---------- AVAILABLE RECORDS ----------

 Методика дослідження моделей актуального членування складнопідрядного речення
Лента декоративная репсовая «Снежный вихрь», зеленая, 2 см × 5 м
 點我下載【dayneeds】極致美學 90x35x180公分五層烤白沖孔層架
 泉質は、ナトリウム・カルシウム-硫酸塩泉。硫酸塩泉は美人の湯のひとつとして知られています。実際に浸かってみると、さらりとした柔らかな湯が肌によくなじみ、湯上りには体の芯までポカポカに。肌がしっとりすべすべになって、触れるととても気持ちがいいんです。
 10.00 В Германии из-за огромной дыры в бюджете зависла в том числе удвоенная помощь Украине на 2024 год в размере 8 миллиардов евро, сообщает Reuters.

----------
---------- AVAILABLE RECORDS ----------

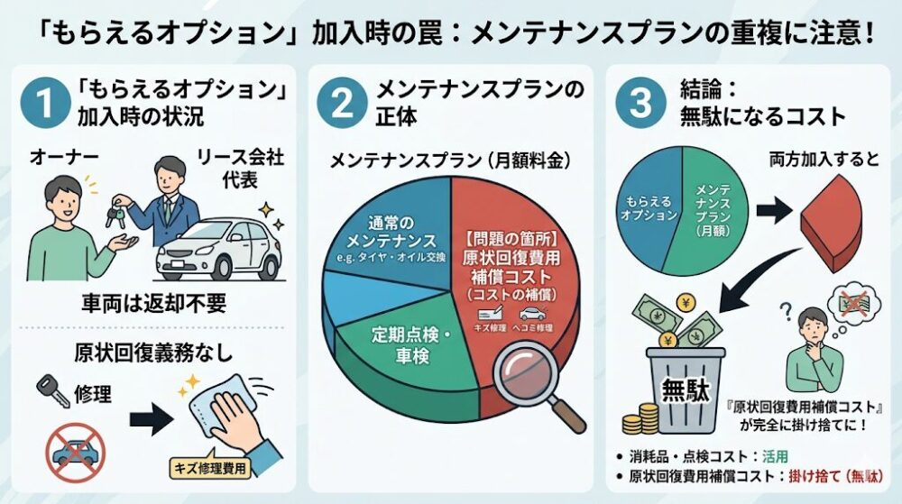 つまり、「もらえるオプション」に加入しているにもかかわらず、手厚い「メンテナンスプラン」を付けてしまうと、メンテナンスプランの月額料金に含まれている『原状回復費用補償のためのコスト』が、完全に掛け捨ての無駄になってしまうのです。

----------

> **EXERCISE INSTRUCTIONS**: Reproduce, exactly as they stand in the data above, the lines from the one that holds "Методика дослідження моделей" to the one that holds "點我下載【dayneeds】極致美學 90x35x180公分五層烤白沖孔層架", inclusive.

> **WRITTEN REPLY**:
 Методика дослідження моделей актуального членування складнопідрядного речення
Лента декоративная репсовая «Снежный вихрь», зеленая, 2 см × 5 м
 點我下載【dayneeds】極致美學 90x35x180公分五層烤白沖孔層架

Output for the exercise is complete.